Angela was back, and had nestled next to me in the booth. Her eyes were drooping. It was after ten o’clock. Some good big sister, me.

“Could I use your boat?” I asked Gideon. The plan had formed in my mind before I could even form the words.

“Going fishing?”

“No, I left something out in the lake the other night,” I said, and it was a measure of Gid’s character that he didn’t ask what I’d accidentally left on Lake Superior in January. He only nodded. I said, “Can I use your truck, too?”

“Be hard to pull the boat without the truck.” Gid paused. “When do you want to use it? I have to go get it.”

“Tonight? Tomorrow? The next day?” I had clinic tests tomorrow, for the experimental trials.

“I’ll leave it out back. Wednesday.”

Rob would be back on Thursday.

That was good. If he couldn’t answer my phone calls, or my texts, or anything, I would … I would show him how much I could do without the help of anyone. I was Allie Kim, just as I had told Garrett Tabor, so long ago. I was Allie Kim, the Great and Terrible. Juliet used to have
G.T
. tattooed just below her hipbone. She said it was what the other skiers called her, Juliet, the Great and Terrible.
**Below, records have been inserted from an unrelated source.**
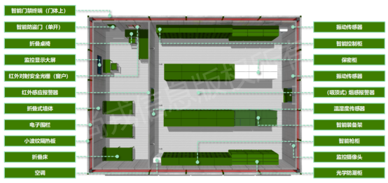 装备存放配置主要有野战枪柜48个、智能控制柜1个、光学器材柜6个、保密柜6个,装备(器材)架4个,空调2台、摄像头6~8个及多功能防盗门2樘,如下图所示。
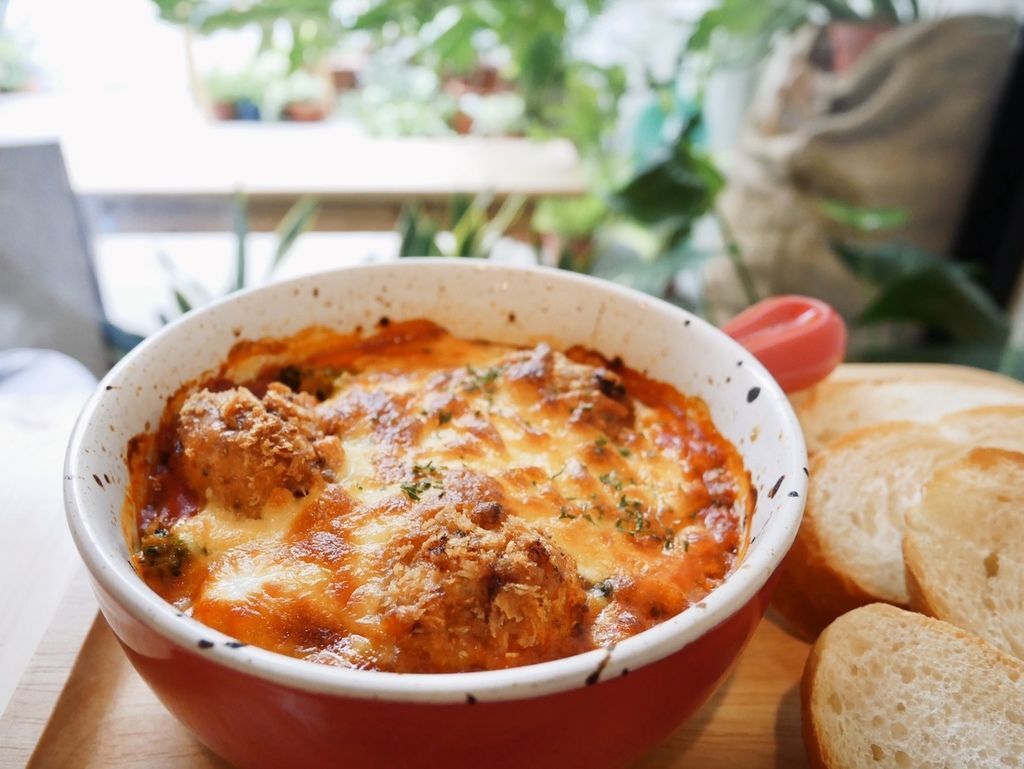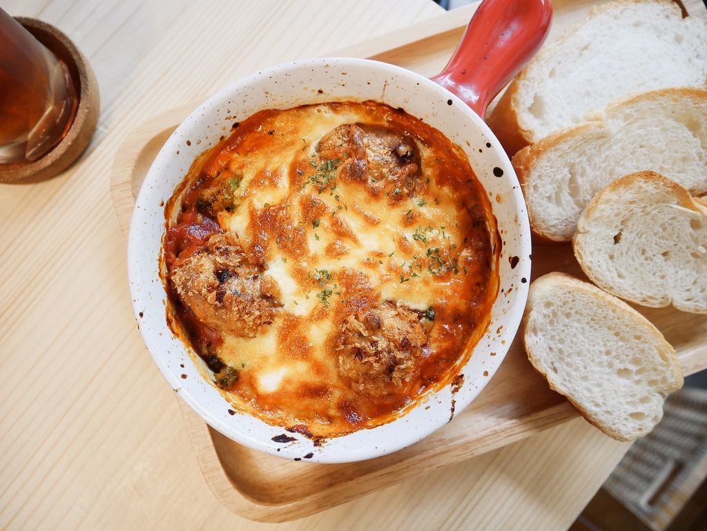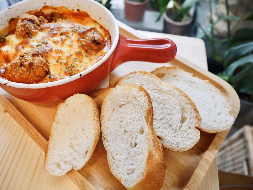 還有附上一份麵包,可以搭配焗烤配料一起吃
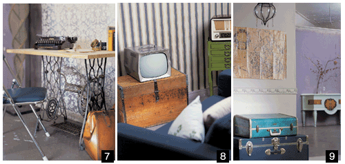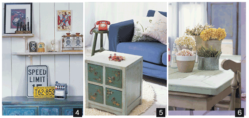 여유가 있을 때 하나씩 두개씩 사서 모은 카드 액자, 사진기, 자동차 번호판과 표지판 등 플리 마켓 소품들의 작은 전시장을 만들어 보자. 화이트 우드 패널벽은 미국식 컨트리 인테리어에서 배운다. 투박한 원목 선반은 스칸디나비아풍이다. 연로한 어르신 방에서나 볼 수 있을까, 한물간 유행의 자개 문갑에 청록색 유성 래커로 칠을 해서 함께 배치. 국적을 초월한 스타일의 믹스 & 매치에 주목한다.
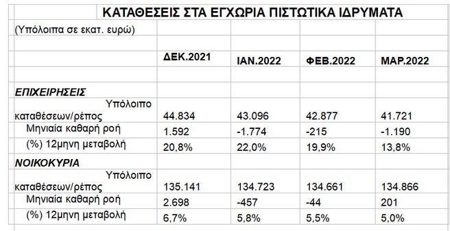Συγκεκριμένα, τα νοικοκυριά «σήκωσαν» από τις καταθέσεις του 3,113 δις ευρώ (από 44,834 στο τέλος Δεκεμβρίου 2021 οι καταθέσεις τους μειωθήκαν σε 41,721 δις ευρώ στο τέλος του περασμένου Μαρτίου) ενώ οι επιχειρήσεις «τράβηξαν» 255 εκατ ευρω (από 135,141 δις ευρώ οι καταθέσεις τους μειώθηκαν σε 134,885 δις ευρώ).
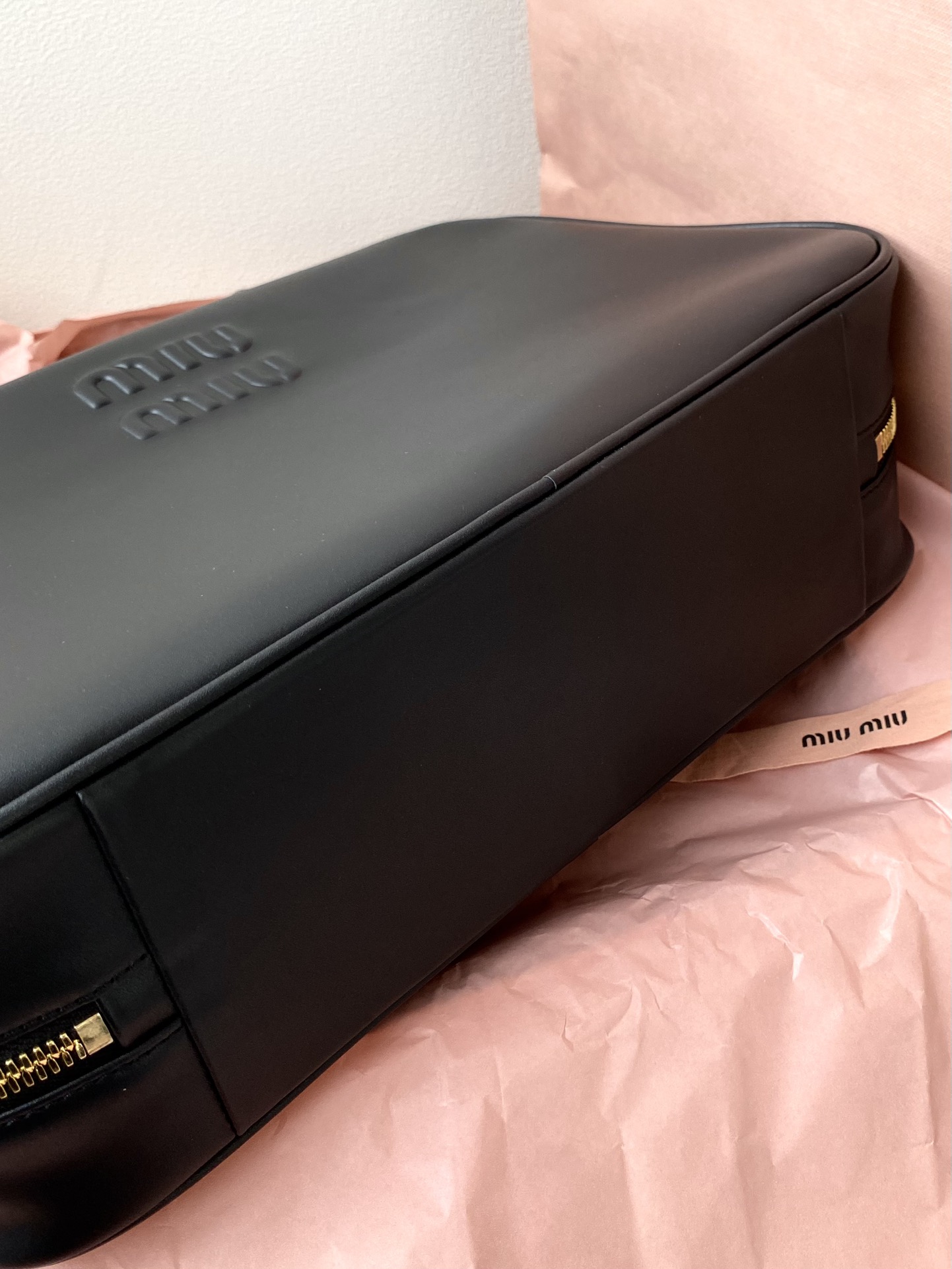 미우미우 마테라쎄 나파 가죽 토트백 블랙
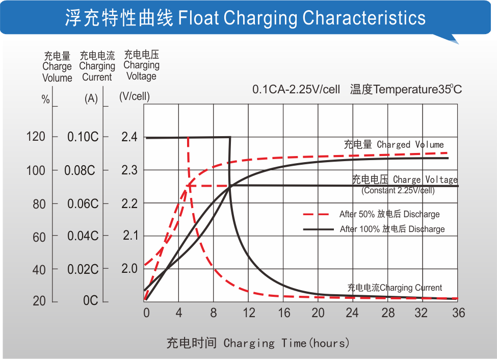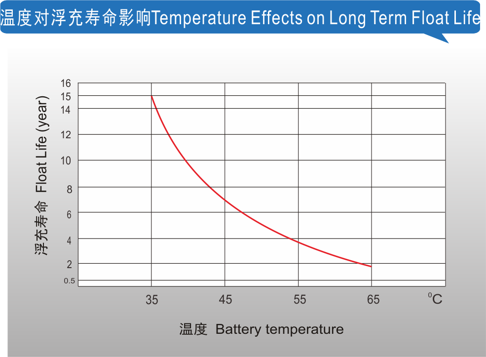 高温使用寿命长,长期在35℃高温下工作,可以达到常规AGM电池25℃下的浮充使用寿命;

Although I knew now what those letters really stood for, I still thought of her that way.

Once, years before, Angela asked me if there was a beforeward, like there was an afterward. I know that she meant. If I had known “beforeward” what the afterward of my borrowing Gid’s boat and his truck, would I have done it? It’s human nature to make loops in our minds. The yes-loop. The no-loop. The of-course-not-loop. Most of the time, both of the loops twist and turn and wind up the same place.